SAMC

From $3\mid x^2+y^2$ it follows $3\mid x$ and $3\mid y$, hence $x=3u$ and $y=3v$, for some positive integers $u$ and $v$. Replace in the equation and get $3\left(u^2+v^2+11^2\right)=670\sqrt{3(u-v)}$, hence $u-v=3k^2$, for some positive integer $k$, i.e. $u^2+v^2+11^2=670k$. We have $u^2+v^2>(u-v{)}^2=9k^4$, and obtain $9k^4+121<670k$, hence $k<5$.

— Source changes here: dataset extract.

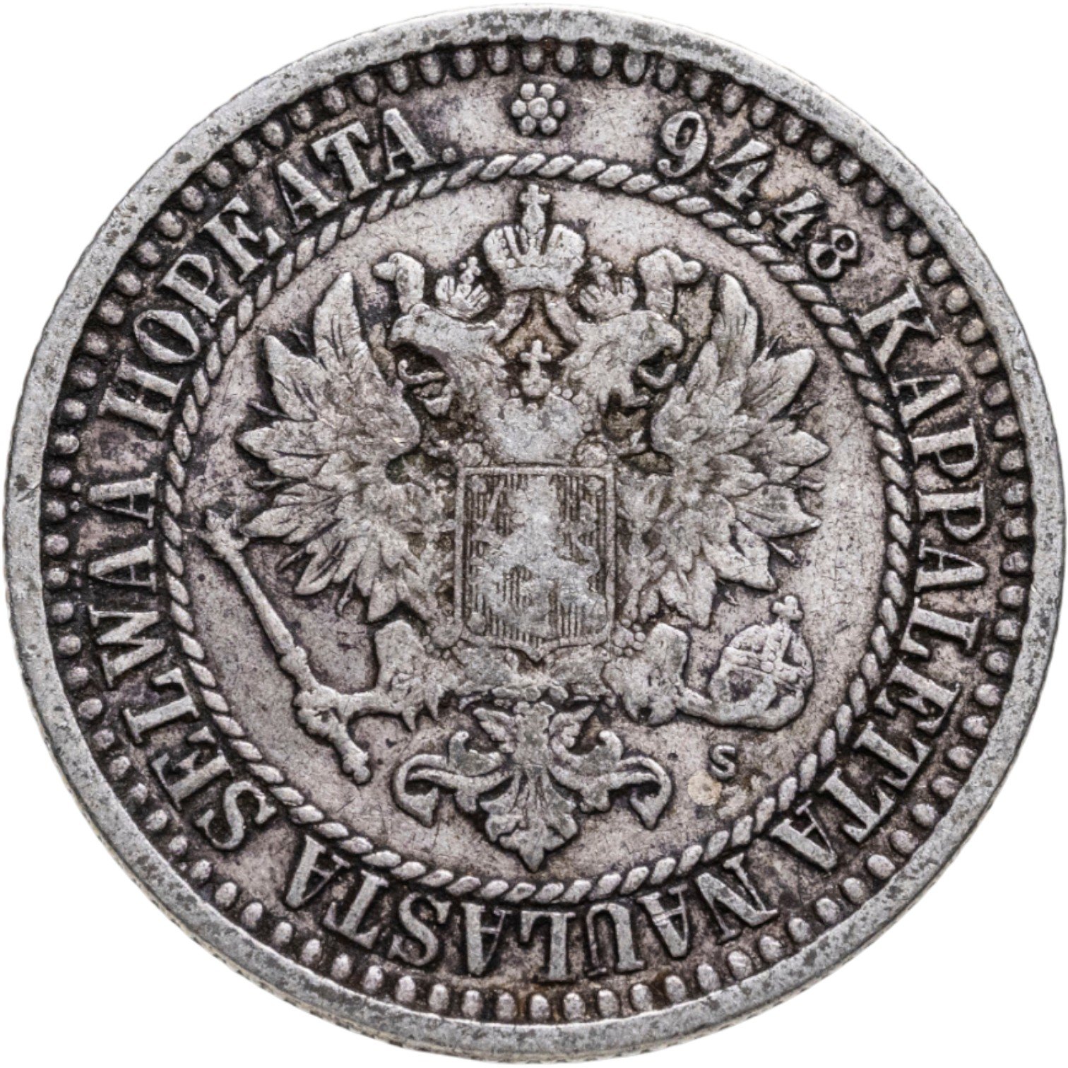 В центре изображён полный Герб Великого княжества Финляндского - двуглавый орёл, головы которого увенчаны двумя коронами, третья, большая корона над ними. Все они соединены орденской лентой ордена Св. Апостола Андрея Первозванного. На груди орла расположен щит с титульным гербом Великого князя Финляндского, увенчанный княжеской короной. Вокруг щита орденская цепь с орденом Св. Апостола Андрея Первозванного. В правой лапе орла – скипетр, в левой – держава. Под левой лапой знак директора Гельсингфосского монетного двора - литера «S», August Frederick Soldan (Август Фридрих Сольдан). Вокруг центрального изображения - витой ободок. За ободком круговая надпись: «94.48 KAPPALETTA NAULASTA SELWÄÄ HOPEATA», сверху разделённая цветочной розеткой. По окружности канта имеются рельефные элементы, выполненные в виде зубцов.

Case 1. If $k=2$ or $k=4$, then $u^2+v^2+11^2\equiv 0(\mathrm{mod}4)$, not possible since we have $11^2\equiv 1(\mathrm{mod}4)$ and $u^2,v^2\equiv 0$ or $1(\mathrm{mod}4)$.

Case 2. If $k=1$, then we get the system $$\{\begin{array}{l}{u}^2+v^2=549\\ u-v=3\end{array}$$ having integer solutions $u=18$ and $v=15$. In this case it follows $x=54$ and $y=45$.

Case 3. If $k=3$, then we get the system $$\{\begin{array}{l}{u}^2+v^2=1882\\ u-v=27\end{array}$$ having no solutions in integers.